Your goal: With every picture left out, restate the listing below exactly as written.

━━━━━ Dataset content

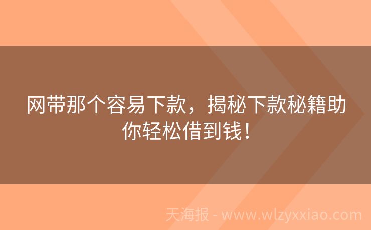 网带那个容易下款,揭秘下款秘籍助你轻松借到钱! 网带哪个容易下款?这份“下款秘籍”请收好! 在当今这个“钱到用时方恨少”的时代,网络贷款就像一位随时待命的“救急小天使”,总能在我们手头紧的时候伸出援手。但面对琳琅满目的网带产品,哪个才更容易下款呢?别急,今天咱们就来聊聊这个话题,保证让你听得明明白白,还能学到不少实用小技巧! 小李的“下款奇遇记”...
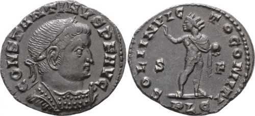 CONSTANTINVSPFAVG [CONSTANTINVS P F AVG]; bust r., laur., cuir. [B5].
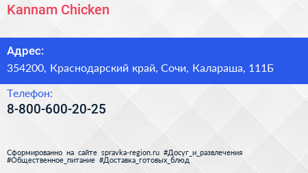 Kannam Chicken по адресу 354200, Краснодарский край, Сочи, Калараша, 111Б в дальнейшем Организация, размещена в следующих категориях:

━━━━━━━━━━

Task solution:
 网带那个容易下款,揭秘下款秘籍助你轻松借到钱! 网带哪个容易下款?这份“下款秘籍”请收好! 在当今这个“钱到用时方恨少”的时代,网络贷款就像一位随时待命的“救急小天使”,总能在我们手头紧的时候伸出援手。但面对琳琅满目的网带产品,哪个才更容易下款呢?别急,今天咱们就来聊聊这个话题,保证让你听得明明白白,还能学到不少实用小技巧! 小李的“下款奇遇记”...
 CONSTANTINVSPFAVG [CONSTANTINVS P F AVG]; bust r., laur., cuir. [B5].
 Kannam Chicken по адресу 354200, Краснодарский край, Сочи, Калараша, 111Б в дальнейшем Организация, размещена в следующих категориях:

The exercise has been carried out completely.